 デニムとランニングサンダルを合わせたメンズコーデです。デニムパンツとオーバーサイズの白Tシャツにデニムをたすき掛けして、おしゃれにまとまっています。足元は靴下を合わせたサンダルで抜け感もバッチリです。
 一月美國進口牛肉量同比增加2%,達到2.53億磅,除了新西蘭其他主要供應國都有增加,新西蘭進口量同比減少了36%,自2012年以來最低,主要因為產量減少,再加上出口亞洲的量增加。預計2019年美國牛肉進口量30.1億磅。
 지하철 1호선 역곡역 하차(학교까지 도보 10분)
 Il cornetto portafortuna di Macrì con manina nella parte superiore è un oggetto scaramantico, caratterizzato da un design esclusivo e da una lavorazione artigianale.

▬▬▬▬▬▬

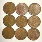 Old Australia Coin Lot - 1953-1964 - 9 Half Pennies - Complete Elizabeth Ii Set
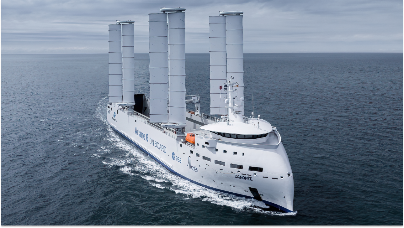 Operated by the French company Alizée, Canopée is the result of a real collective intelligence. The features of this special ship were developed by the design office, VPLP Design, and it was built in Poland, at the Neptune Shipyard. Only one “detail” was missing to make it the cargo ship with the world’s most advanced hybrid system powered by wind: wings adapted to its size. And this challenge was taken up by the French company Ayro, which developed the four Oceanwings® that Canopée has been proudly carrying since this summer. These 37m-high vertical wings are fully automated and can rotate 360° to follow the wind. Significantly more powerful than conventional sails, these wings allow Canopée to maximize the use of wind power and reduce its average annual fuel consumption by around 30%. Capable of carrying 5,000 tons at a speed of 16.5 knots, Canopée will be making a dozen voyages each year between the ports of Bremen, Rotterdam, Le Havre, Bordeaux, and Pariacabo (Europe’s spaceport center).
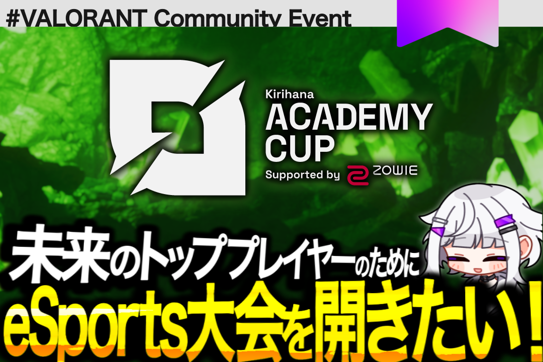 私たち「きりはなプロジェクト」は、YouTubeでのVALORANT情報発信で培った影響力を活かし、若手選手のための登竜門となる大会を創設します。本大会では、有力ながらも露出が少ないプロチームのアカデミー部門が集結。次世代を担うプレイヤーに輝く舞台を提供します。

▬▬▬▬▬▬

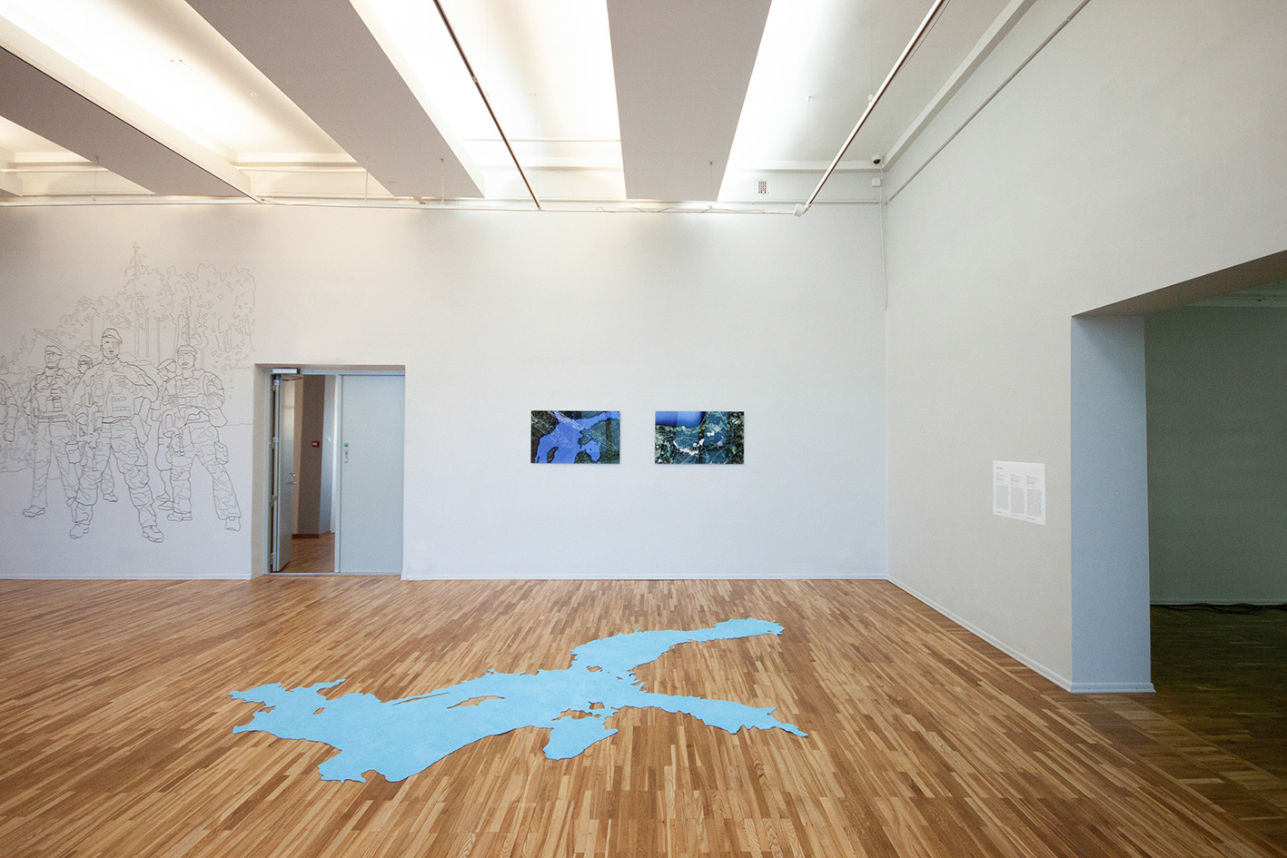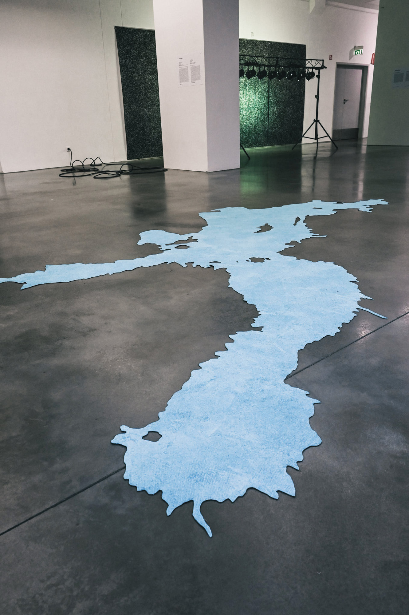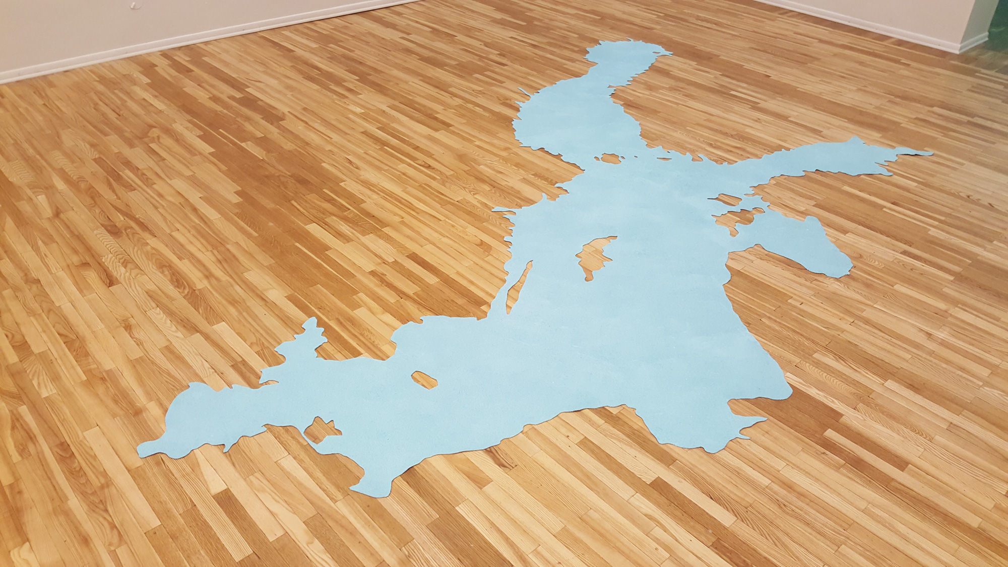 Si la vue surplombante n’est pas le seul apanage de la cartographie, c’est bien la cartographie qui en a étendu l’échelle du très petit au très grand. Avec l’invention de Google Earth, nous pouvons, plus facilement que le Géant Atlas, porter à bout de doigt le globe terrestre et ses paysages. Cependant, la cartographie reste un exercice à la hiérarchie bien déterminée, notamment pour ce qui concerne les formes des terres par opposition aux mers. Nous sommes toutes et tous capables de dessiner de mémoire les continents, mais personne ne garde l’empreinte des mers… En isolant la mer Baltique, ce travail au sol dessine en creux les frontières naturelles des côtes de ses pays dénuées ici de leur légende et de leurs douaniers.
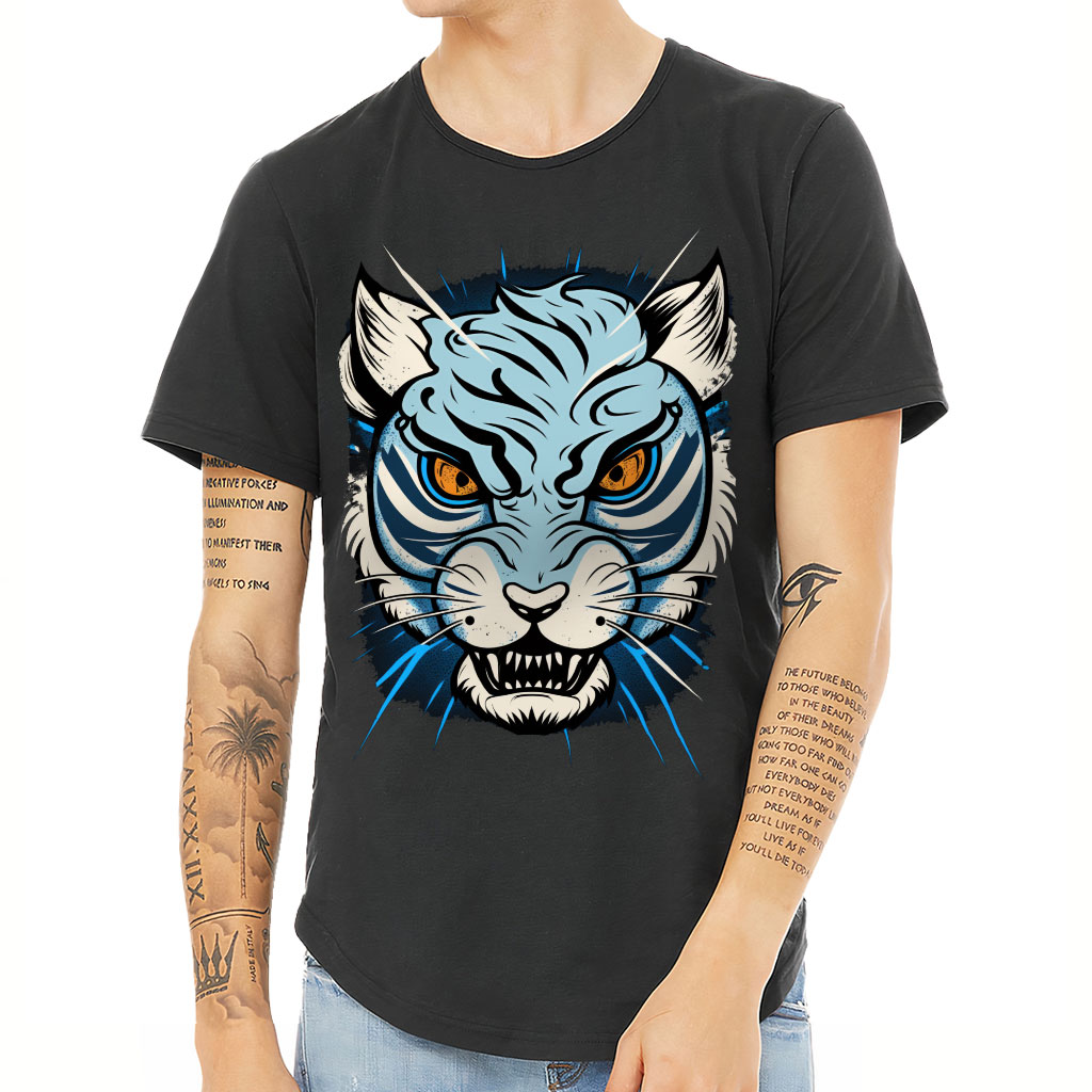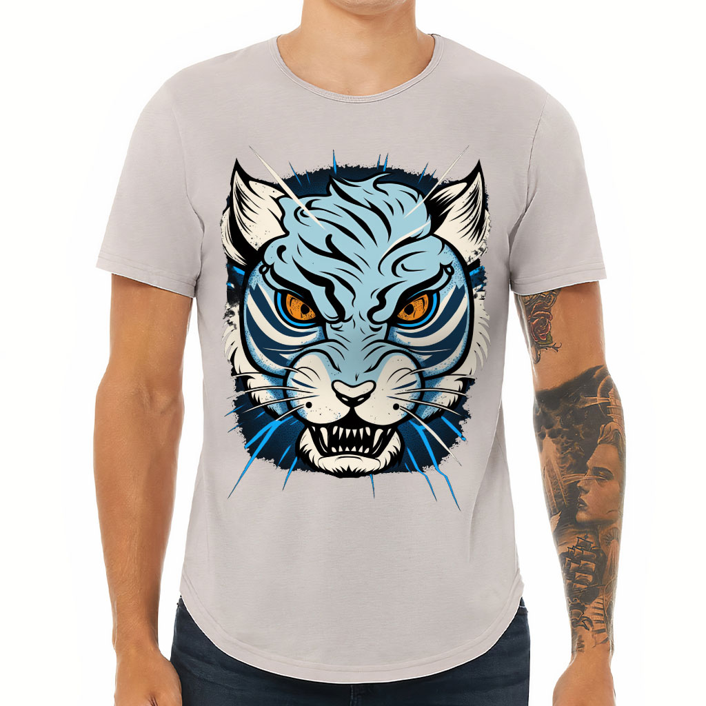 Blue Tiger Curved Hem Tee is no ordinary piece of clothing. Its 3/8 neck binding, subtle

▬▬▬▬▬▬

Task directions: Go back to the listing above. Copy word for word the lines from the one with "デニムとランニングサンダルを" through the one with "지하철 1호선 역곡역 하차(학교까지 도보 10분)", and nothing more.

Exercise result:
 デニムとランニングサンダルを合わせたメンズコーデです。デニムパンツとオーバーサイズの白Tシャツにデニムをたすき掛けして、おしゃれにまとまっています。足元は靴下を合わせたサンダルで抜け感もバッチリです。
 一月美國進口牛肉量同比增加2%,達到2.53億磅,除了新西蘭其他主要供應國都有增加,新西蘭進口量同比減少了36%,自2012年以來最低,主要因為產量減少,再加上出口亞洲的量增加。預計2019年美國牛肉進口量30.1億磅。
 지하철 1호선 역곡역 하차(학교까지 도보 10분)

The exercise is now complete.